* _What is needed_: Print the entries below word for word; the pictures stay out of your copy.

(Beginning of Data to process)

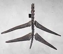 4. Depuis les années 1970, le réexamen de certains spécimens a permis d'apporter une nouvelle hypothèse, selon laquelle les plaques étaient alignées en quinconce sur deux lignes, tout le long de la colonne vertébrale. De plus, on a découvert que chez un même individu les plaques n'avaient ni la même forme, ni la même taille[16].
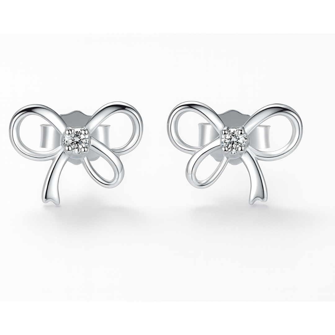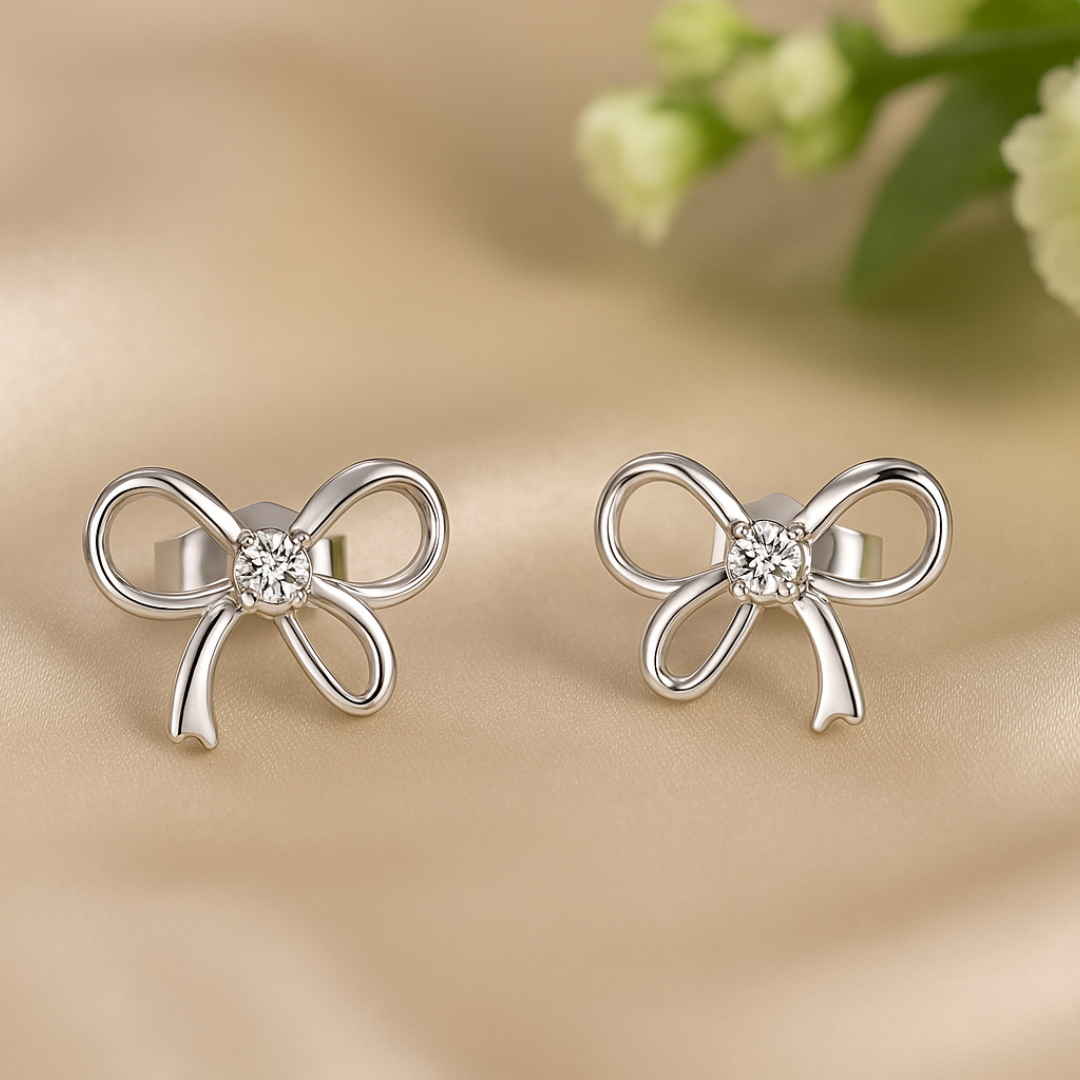 A sparkling center stone adds just the right hint of brilliance, enhancing the soft curves of the bow without overpowering its subtle beauty. Designed for women who appreciate understated elegance, these earrings are perfect for daily wear, office styling, or special occasions where simplicity speaks volumes.
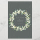 Um cardápio de casamento de três pratos em verde cinza escuro, apresentando uma guirlanda de snowberries pintadas à mão e eucalipto na frente e uma coroa na parte de trás. Todo o texto é totalmente editável, e os pontos espalhados na frente e no verso podem ser excluídos antes de encomendar, se preferir. Por favor, visualize esta Coleção na minha loja para cardápios com arranjos florais alternativos, um número diferente de pratos e em diferentes tamanhos/cores/formatos. Itens coordenados também disponíveis.
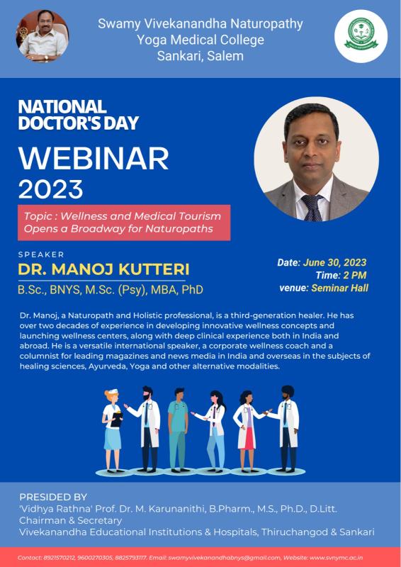 An informative Webinar on "Opportunities in Wellness and Travel Tourism sector" by Dr.Manoj Kutteri ,CEO and Wellness Director,Atmantan Wellness Centre ,Pune,Maharashtra, for the students of Swamy Vivekanandha Naturopathy and Yoga Medical College Salem, Tamil Nadu
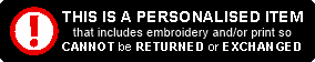Please Note: All orders will take approximately 20-25 working days. All orders are subject to stock availability. An intention to return a product must be expressed in writing no later than 14 days of receiving the goods. Customised items (including any embroidery and/or vinyl printing) cannot be returned unless faulty

(End of Data to process)

* _Answer to this exercise_:
 4. Depuis les années 1970, le réexamen de certains spécimens a permis d'apporter une nouvelle hypothèse, selon laquelle les plaques étaient alignées en quinconce sur deux lignes, tout le long de la colonne vertébrale. De plus, on a découvert que chez un même individu les plaques n'avaient ni la même forme, ni la même taille[16].
 A sparkling center stone adds just the right hint of brilliance, enhancing the soft curves of the bow without overpowering its subtle beauty. Designed for women who appreciate understated elegance, these earrings are perfect for daily wear, office styling, or special occasions where simplicity speaks volumes.
 Um cardápio de casamento de três pratos em verde cinza escuro, apresentando uma guirlanda de snowberries pintadas à mão e eucalipto na frente e uma coroa na parte de trás. Todo o texto é totalmente editável, e os pontos espalhados na frente e no verso podem ser excluídos antes de encomendar, se preferir. Por favor, visualize esta Coleção na minha loja para cardápios com arranjos florais alternativos, um número diferente de pratos e em diferentes tamanhos/cores/formatos. Itens coordenados também disponíveis.
 An informative Webinar on "Opportunities in Wellness and Travel Tourism sector" by Dr.Manoj Kutteri ,CEO and Wellness Director,Atmantan Wellness Centre ,Pune,Maharashtra, for the students of Swamy Vivekanandha Naturopathy and Yoga Medical College Salem, Tamil Nadu
Please Note: All orders will take approximately 20-25 working days. All orders are subject to stock availability. An intention to return a product must be expressed in writing no later than 14 days of receiving the goods. Customised items (including any embroidery and/or vinyl printing) cannot be returned unless faulty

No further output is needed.